Let $T: M_{n,n}(\Bbb R) \to \Bbb R$ be a linear transformation such that $T(XY)=T(YX)$ for any two $n\times n$ matrices $X,\,Y$. How do you prove that $T(K)=a\ \mathrm{trace}(K)$ for some scalar $a$ in $\Bbb R$ for every $K$ in $M_{n,n}(\Bbb R)$?
I know that $\mathrm{trace}(XY)=\mathrm{trace}(X) + \mathrm{trace}(Y)$. My guess is that $\mathrm{trace}(XY)$ must be proportional to $T(XY)$, but I don't know how to state this mathematically.
On
You need an extra condition on $T$ to ensure that $T$ is (a scalar multiple of) the trace : $$ T(\text{diag}(x,0,0,\ldots,0)) = x $$ This, together with @Michael Albanese's answer should do the trick.
On
Although probably not what you want, here is a proof from a higher perspective. $T(XY)=T(YX)$ implies that $T(XY-YX)=0$. Since the set of all matrix commutators over $\mathbb{R}$ is exactly equal to the set of all traceless matrices, the given property implies that $$ T(A)=T \ \underbrace{\left(A-\frac{\mathrm{trace}(A)}{n}I\right)}_{\text{traceless}} +\frac{\mathrm{trace}(A)}{n}T(I)=\frac{\mathrm{trace}(A)}{n}T(I) $$ and the result follows with $a=\frac{T(I)}{n}$.

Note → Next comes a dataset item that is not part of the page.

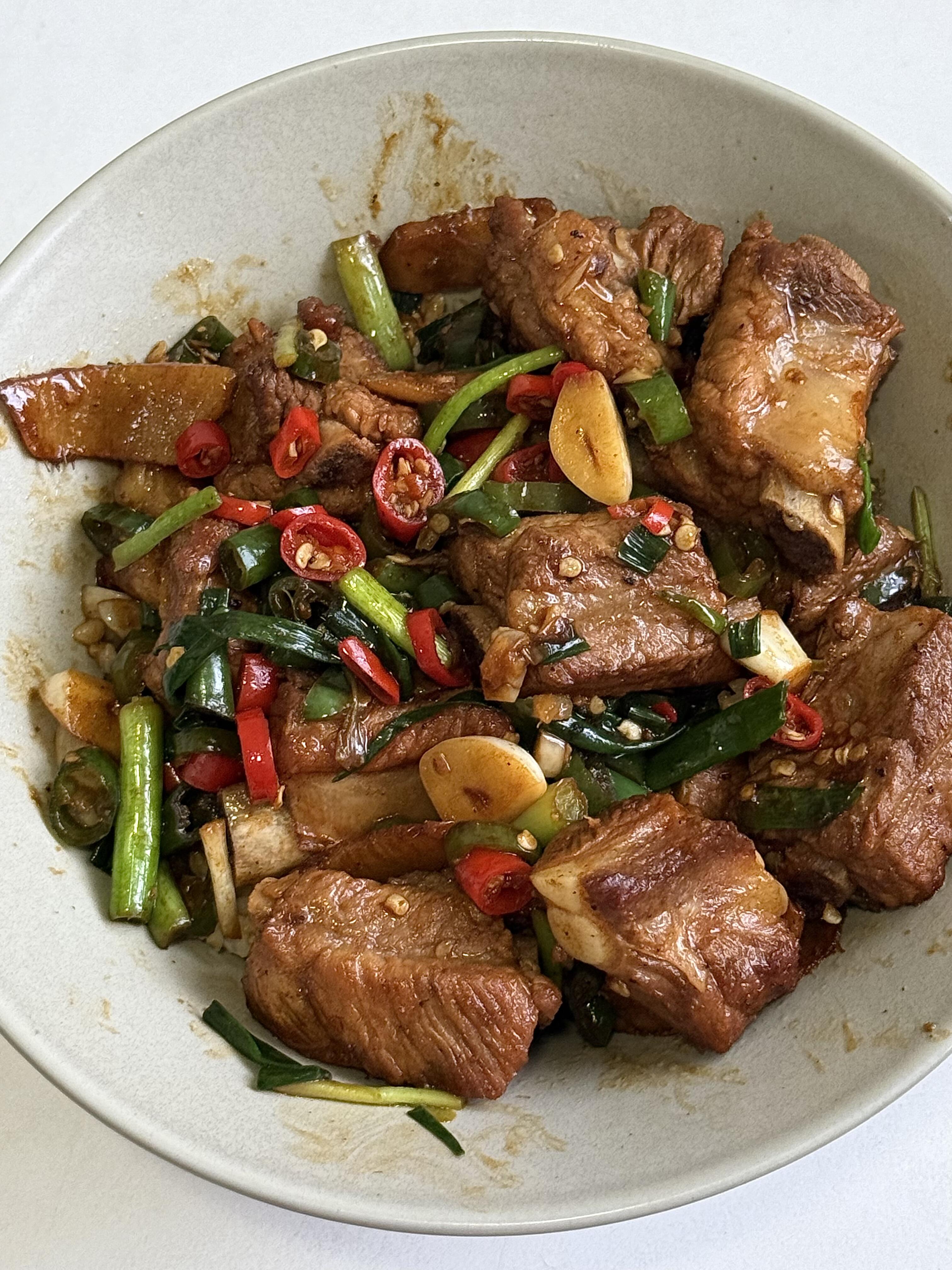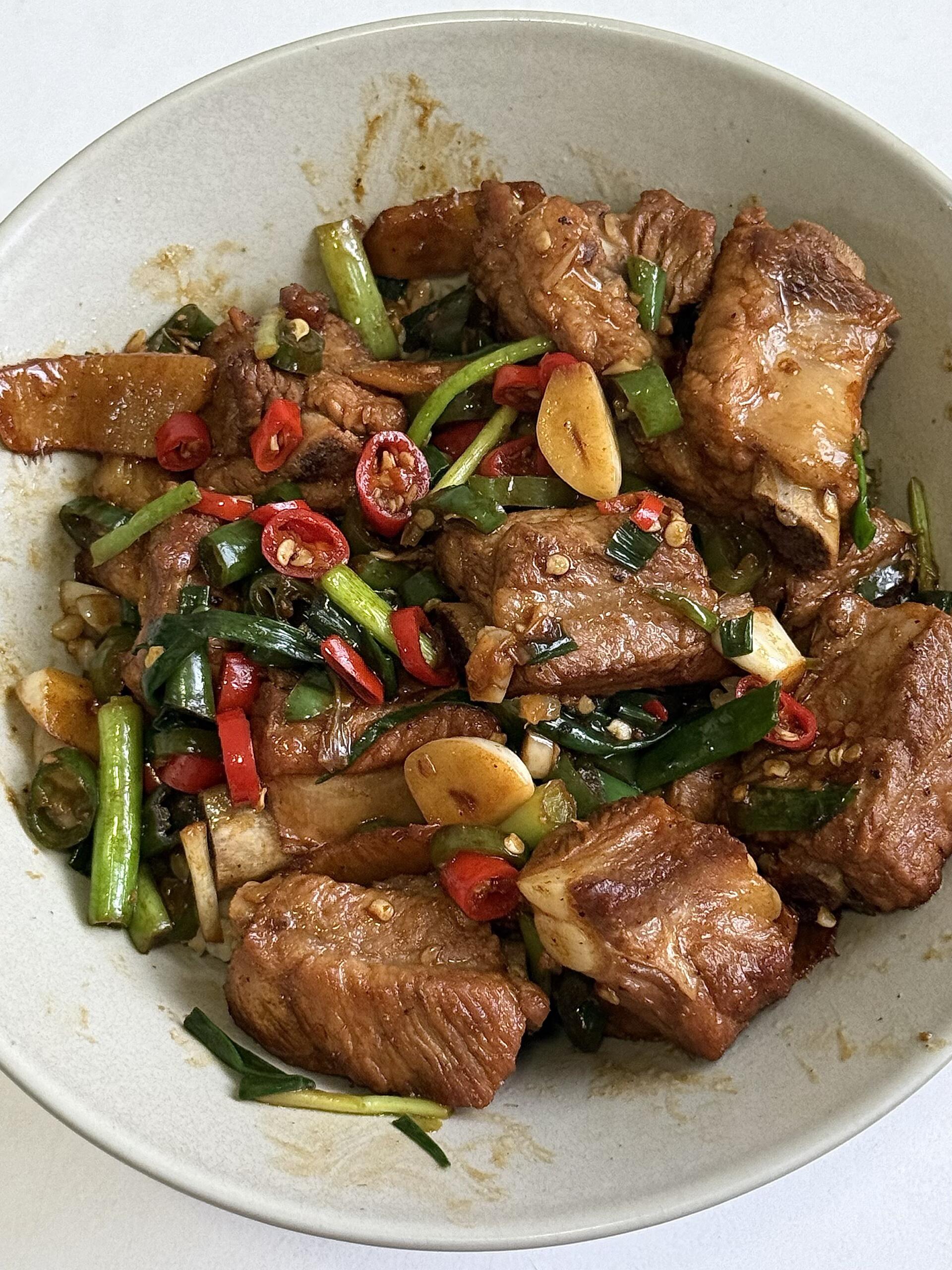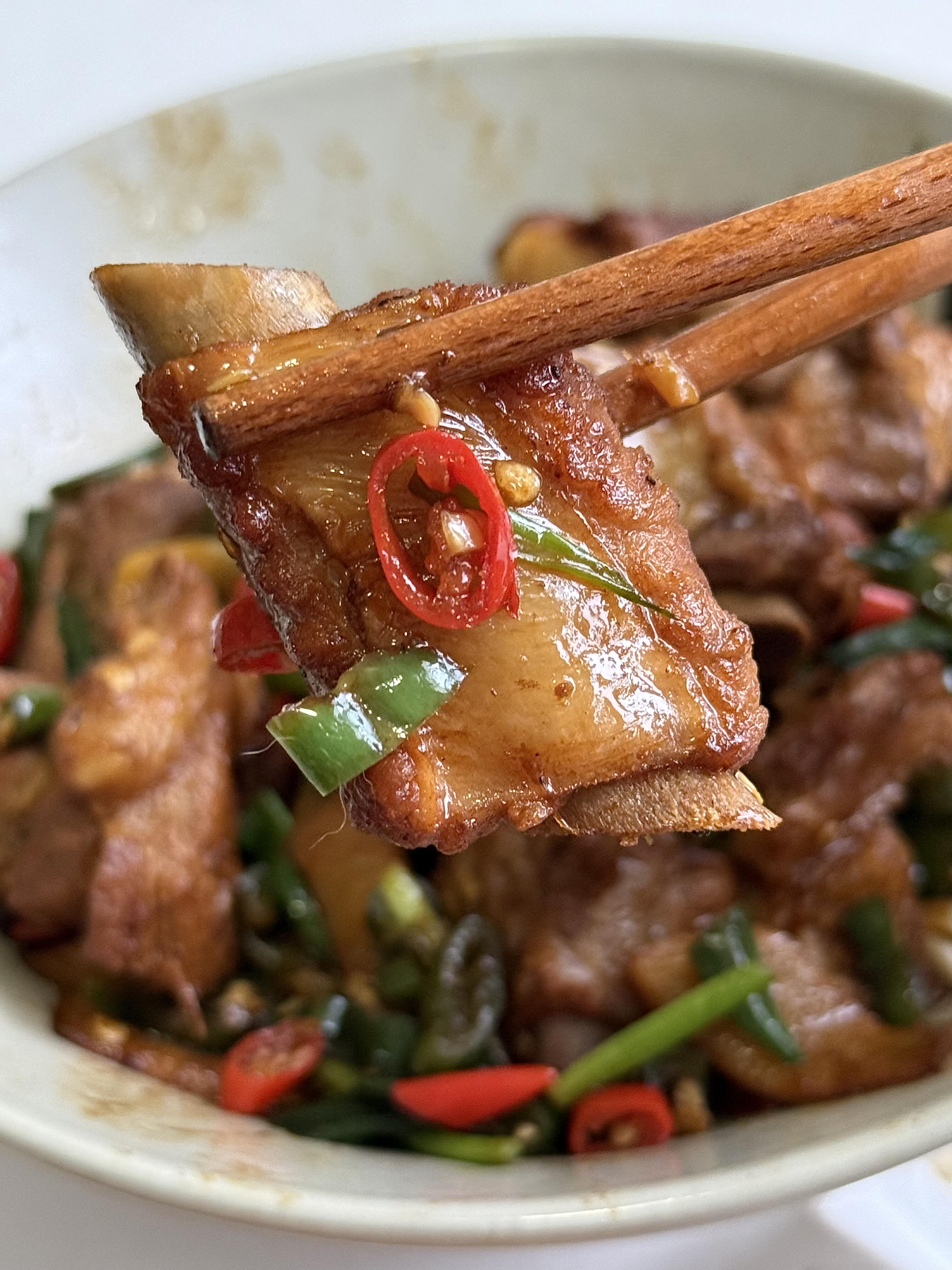 全程没有复杂步骤,重点是排骨先煎后焖,既能保证外皮焦香,又能让内里软嫩入味,鲜辣不呛喉,配米饭、配馒头都绝了,爱吃排骨的一定要试试~

Hint: Consider when $X$ and $Y$ are matrices of the form $E_{i,j}$ which is the matrix with a one in the $(i, j)$-entry, but zeroes elsewhere. Find out what $E_{i,j}E_{k, l}$ is (there are some possibilities depending on whether the indices are distinct and so on). From this you should be able to derive $T(E_{i,j})$ for every $i, j$ which will allow you to conclude that $T(K) = a\operatorname{trace}(K)$ for some $a \in \mathbb{R}$.